(Entries taken from a collection)

____________

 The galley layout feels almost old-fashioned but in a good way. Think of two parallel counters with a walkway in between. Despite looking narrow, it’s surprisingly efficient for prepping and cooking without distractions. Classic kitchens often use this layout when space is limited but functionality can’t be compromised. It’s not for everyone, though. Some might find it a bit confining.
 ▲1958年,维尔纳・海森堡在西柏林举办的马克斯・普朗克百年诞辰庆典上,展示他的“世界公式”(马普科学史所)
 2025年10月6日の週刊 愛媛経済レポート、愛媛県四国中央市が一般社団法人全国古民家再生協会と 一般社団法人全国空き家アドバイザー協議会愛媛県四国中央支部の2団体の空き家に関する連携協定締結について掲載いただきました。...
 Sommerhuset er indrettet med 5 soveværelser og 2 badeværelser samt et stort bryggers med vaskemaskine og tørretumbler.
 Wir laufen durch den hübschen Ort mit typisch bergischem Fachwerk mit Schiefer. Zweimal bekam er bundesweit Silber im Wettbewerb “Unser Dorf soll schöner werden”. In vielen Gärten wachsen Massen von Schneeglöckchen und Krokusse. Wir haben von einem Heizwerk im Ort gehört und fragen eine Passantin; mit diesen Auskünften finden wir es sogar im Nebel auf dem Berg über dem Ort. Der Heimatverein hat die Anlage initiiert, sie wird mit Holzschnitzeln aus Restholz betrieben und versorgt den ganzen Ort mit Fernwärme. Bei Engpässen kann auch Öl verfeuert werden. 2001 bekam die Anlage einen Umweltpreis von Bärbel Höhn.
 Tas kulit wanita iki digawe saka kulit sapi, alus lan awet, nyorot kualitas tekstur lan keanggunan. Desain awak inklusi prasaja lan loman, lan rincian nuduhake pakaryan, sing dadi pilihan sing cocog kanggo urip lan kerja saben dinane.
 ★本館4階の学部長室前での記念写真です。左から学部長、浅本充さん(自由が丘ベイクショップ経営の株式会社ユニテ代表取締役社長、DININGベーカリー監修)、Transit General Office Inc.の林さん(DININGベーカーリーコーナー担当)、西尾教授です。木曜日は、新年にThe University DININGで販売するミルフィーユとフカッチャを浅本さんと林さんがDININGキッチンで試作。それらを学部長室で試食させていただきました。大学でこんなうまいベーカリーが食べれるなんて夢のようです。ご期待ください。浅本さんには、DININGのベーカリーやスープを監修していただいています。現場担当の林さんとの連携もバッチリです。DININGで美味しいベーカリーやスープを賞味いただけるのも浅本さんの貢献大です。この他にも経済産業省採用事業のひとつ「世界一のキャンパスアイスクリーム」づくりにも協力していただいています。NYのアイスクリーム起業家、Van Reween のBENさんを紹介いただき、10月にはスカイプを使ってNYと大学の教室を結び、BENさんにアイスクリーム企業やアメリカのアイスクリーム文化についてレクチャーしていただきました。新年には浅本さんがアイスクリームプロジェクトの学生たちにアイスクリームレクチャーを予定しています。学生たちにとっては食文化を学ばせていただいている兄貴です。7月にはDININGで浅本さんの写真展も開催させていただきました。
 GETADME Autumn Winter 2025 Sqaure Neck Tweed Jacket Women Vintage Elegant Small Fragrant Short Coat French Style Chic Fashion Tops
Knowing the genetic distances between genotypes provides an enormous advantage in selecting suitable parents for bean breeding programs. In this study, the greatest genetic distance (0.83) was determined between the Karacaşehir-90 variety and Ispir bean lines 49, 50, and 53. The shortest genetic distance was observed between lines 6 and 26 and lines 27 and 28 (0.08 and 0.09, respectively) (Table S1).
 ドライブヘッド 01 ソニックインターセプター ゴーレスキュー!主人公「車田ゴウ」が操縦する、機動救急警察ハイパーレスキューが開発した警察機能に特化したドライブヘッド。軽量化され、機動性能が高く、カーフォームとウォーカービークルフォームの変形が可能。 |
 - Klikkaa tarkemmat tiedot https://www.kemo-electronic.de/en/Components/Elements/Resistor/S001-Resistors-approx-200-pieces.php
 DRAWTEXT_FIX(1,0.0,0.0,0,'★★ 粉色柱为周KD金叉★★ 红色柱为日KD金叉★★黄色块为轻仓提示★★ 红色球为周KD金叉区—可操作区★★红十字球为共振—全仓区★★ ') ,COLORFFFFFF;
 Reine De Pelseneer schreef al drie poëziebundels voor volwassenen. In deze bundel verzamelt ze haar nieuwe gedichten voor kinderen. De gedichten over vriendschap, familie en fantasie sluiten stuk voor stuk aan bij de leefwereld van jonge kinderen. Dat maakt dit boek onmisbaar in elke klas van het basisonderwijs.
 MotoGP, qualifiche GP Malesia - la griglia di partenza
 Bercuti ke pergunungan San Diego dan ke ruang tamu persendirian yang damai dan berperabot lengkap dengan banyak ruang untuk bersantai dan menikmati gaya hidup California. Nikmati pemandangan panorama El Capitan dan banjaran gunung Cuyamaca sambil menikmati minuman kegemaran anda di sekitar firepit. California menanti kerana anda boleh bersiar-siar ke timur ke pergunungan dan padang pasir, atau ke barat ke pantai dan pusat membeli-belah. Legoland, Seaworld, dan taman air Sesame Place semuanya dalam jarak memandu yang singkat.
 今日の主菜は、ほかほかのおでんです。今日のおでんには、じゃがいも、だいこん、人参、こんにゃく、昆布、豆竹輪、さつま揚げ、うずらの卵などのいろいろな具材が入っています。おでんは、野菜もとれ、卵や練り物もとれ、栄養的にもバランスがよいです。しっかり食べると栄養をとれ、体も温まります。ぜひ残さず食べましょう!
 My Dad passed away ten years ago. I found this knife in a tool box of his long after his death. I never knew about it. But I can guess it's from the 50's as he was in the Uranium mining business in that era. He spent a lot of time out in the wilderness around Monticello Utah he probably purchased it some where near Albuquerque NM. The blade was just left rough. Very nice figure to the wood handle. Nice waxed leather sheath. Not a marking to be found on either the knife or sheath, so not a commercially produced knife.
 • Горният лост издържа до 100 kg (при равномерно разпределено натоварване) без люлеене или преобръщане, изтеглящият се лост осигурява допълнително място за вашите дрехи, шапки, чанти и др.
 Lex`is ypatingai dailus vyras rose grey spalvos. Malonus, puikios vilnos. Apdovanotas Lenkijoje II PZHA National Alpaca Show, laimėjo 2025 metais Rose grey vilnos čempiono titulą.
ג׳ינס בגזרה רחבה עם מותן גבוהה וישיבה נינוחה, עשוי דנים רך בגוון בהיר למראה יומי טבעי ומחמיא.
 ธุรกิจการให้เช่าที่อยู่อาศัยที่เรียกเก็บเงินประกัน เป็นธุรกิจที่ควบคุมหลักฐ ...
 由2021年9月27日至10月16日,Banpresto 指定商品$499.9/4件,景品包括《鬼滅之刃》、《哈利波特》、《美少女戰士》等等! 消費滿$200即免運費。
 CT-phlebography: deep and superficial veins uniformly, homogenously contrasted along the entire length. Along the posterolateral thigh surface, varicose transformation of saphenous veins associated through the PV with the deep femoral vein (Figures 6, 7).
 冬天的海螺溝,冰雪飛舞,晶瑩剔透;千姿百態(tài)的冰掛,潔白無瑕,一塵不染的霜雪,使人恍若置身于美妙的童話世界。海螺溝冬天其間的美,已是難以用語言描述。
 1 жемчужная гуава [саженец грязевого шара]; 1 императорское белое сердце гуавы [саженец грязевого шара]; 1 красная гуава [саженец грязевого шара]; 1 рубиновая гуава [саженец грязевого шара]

____________

Goal of the exercise: Output every record above in full, exactly as it reads.

Result below:
 The galley layout feels almost old-fashioned but in a good way. Think of two parallel counters with a walkway in between. Despite looking narrow, it’s surprisingly efficient for prepping and cooking without distractions. Classic kitchens often use this layout when space is limited but functionality can’t be compromised. It’s not for everyone, though. Some might find it a bit confining.
 ▲1958年,维尔纳・海森堡在西柏林举办的马克斯・普朗克百年诞辰庆典上,展示他的“世界公式”(马普科学史所)
 2025年10月6日の週刊 愛媛経済レポート、愛媛県四国中央市が一般社団法人全国古民家再生協会と 一般社団法人全国空き家アドバイザー協議会愛媛県四国中央支部の2団体の空き家に関する連携協定締結について掲載いただきました。...
 Sommerhuset er indrettet med 5 soveværelser og 2 badeværelser samt et stort bryggers med vaskemaskine og tørretumbler.
 Wir laufen durch den hübschen Ort mit typisch bergischem Fachwerk mit Schiefer. Zweimal bekam er bundesweit Silber im Wettbewerb “Unser Dorf soll schöner werden”. In vielen Gärten wachsen Massen von Schneeglöckchen und Krokusse. Wir haben von einem Heizwerk im Ort gehört und fragen eine Passantin; mit diesen Auskünften finden wir es sogar im Nebel auf dem Berg über dem Ort. Der Heimatverein hat die Anlage initiiert, sie wird mit Holzschnitzeln aus Restholz betrieben und versorgt den ganzen Ort mit Fernwärme. Bei Engpässen kann auch Öl verfeuert werden. 2001 bekam die Anlage einen Umweltpreis von Bärbel Höhn.
 Tas kulit wanita iki digawe saka kulit sapi, alus lan awet, nyorot kualitas tekstur lan keanggunan. Desain awak inklusi prasaja lan loman, lan rincian nuduhake pakaryan, sing dadi pilihan sing cocog kanggo urip lan kerja saben dinane.
 ★本館4階の学部長室前での記念写真です。左から学部長、浅本充さん(自由が丘ベイクショップ経営の株式会社ユニテ代表取締役社長、DININGベーカリー監修)、Transit General Office Inc.の林さん(DININGベーカーリーコーナー担当)、西尾教授です。木曜日は、新年にThe University DININGで販売するミルフィーユとフカッチャを浅本さんと林さんがDININGキッチンで試作。それらを学部長室で試食させていただきました。大学でこんなうまいベーカリーが食べれるなんて夢のようです。ご期待ください。浅本さんには、DININGのベーカリーやスープを監修していただいています。現場担当の林さんとの連携もバッチリです。DININGで美味しいベーカリーやスープを賞味いただけるのも浅本さんの貢献大です。この他にも経済産業省採用事業のひとつ「世界一のキャンパスアイスクリーム」づくりにも協力していただいています。NYのアイスクリーム起業家、Van Reween のBENさんを紹介いただき、10月にはスカイプを使ってNYと大学の教室を結び、BENさんにアイスクリーム企業やアメリカのアイスクリーム文化についてレクチャーしていただきました。新年には浅本さんがアイスクリームプロジェクトの学生たちにアイスクリームレクチャーを予定しています。学生たちにとっては食文化を学ばせていただいている兄貴です。7月にはDININGで浅本さんの写真展も開催させていただきました。
 GETADME Autumn Winter 2025 Sqaure Neck Tweed Jacket Women Vintage Elegant Small Fragrant Short Coat French Style Chic Fashion Tops
Knowing the genetic distances between genotypes provides an enormous advantage in selecting suitable parents for bean breeding programs. In this study, the greatest genetic distance (0.83) was determined between the Karacaşehir-90 variety and Ispir bean lines 49, 50, and 53. The shortest genetic distance was observed between lines 6 and 26 and lines 27 and 28 (0.08 and 0.09, respectively) (Table S1).
 ドライブヘッド 01 ソニックインターセプター ゴーレスキュー!主人公「車田ゴウ」が操縦する、機動救急警察ハイパーレスキューが開発した警察機能に特化したドライブヘッド。軽量化され、機動性能が高く、カーフォームとウォーカービークルフォームの変形が可能。 |
 - Klikkaa tarkemmat tiedot https://www.kemo-electronic.de/en/Components/Elements/Resistor/S001-Resistors-approx-200-pieces.php
 DRAWTEXT_FIX(1,0.0,0.0,0,'★★ 粉色柱为周KD金叉★★ 红色柱为日KD金叉★★黄色块为轻仓提示★★ 红色球为周KD金叉区—可操作区★★红十字球为共振—全仓区★★ ') ,COLORFFFFFF;
 Reine De Pelseneer schreef al drie poëziebundels voor volwassenen. In deze bundel verzamelt ze haar nieuwe gedichten voor kinderen. De gedichten over vriendschap, familie en fantasie sluiten stuk voor stuk aan bij de leefwereld van jonge kinderen. Dat maakt dit boek onmisbaar in elke klas van het basisonderwijs.
 MotoGP, qualifiche GP Malesia - la griglia di partenza
 Bercuti ke pergunungan San Diego dan ke ruang tamu persendirian yang damai dan berperabot lengkap dengan banyak ruang untuk bersantai dan menikmati gaya hidup California. Nikmati pemandangan panorama El Capitan dan banjaran gunung Cuyamaca sambil menikmati minuman kegemaran anda di sekitar firepit. California menanti kerana anda boleh bersiar-siar ke timur ke pergunungan dan padang pasir, atau ke barat ke pantai dan pusat membeli-belah. Legoland, Seaworld, dan taman air Sesame Place semuanya dalam jarak memandu yang singkat.
 今日の主菜は、ほかほかのおでんです。今日のおでんには、じゃがいも、だいこん、人参、こんにゃく、昆布、豆竹輪、さつま揚げ、うずらの卵などのいろいろな具材が入っています。おでんは、野菜もとれ、卵や練り物もとれ、栄養的にもバランスがよいです。しっかり食べると栄養をとれ、体も温まります。ぜひ残さず食べましょう!
 My Dad passed away ten years ago. I found this knife in a tool box of his long after his death. I never knew about it. But I can guess it's from the 50's as he was in the Uranium mining business in that era. He spent a lot of time out in the wilderness around Monticello Utah he probably purchased it some where near Albuquerque NM. The blade was just left rough. Very nice figure to the wood handle. Nice waxed leather sheath. Not a marking to be found on either the knife or sheath, so not a commercially produced knife.
 • Горният лост издържа до 100 kg (при равномерно разпределено натоварване) без люлеене или преобръщане, изтеглящият се лост осигурява допълнително място за вашите дрехи, шапки, чанти и др.
 Lex`is ypatingai dailus vyras rose grey spalvos. Malonus, puikios vilnos. Apdovanotas Lenkijoje II PZHA National Alpaca Show, laimėjo 2025 metais Rose grey vilnos čempiono titulą.
ג׳ינס בגזרה רחבה עם מותן גבוהה וישיבה נינוחה, עשוי דנים רך בגוון בהיר למראה יומי טבעי ומחמיא.
 ธุรกิจการให้เช่าที่อยู่อาศัยที่เรียกเก็บเงินประกัน เป็นธุรกิจที่ควบคุมหลักฐ ...
 由2021年9月27日至10月16日,Banpresto 指定商品$499.9/4件,景品包括《鬼滅之刃》、《哈利波特》、《美少女戰士》等等! 消費滿$200即免運費。
 CT-phlebography: deep and superficial veins uniformly, homogenously contrasted along the entire length. Along the posterolateral thigh surface, varicose transformation of saphenous veins associated through the PV with the deep femoral vein (Figures 6, 7).
 冬天的海螺溝,冰雪飛舞,晶瑩剔透;千姿百態(tài)的冰掛,潔白無瑕,一塵不染的霜雪,使人恍若置身于美妙的童話世界。海螺溝冬天其間的美,已是難以用語言描述。
 1 жемчужная гуава [саженец грязевого шара]; 1 императорское белое сердце гуавы [саженец грязевого шара]; 1 красная гуава [саженец грязевого шара]; 1 рубиновая гуава [саженец грязевого шара]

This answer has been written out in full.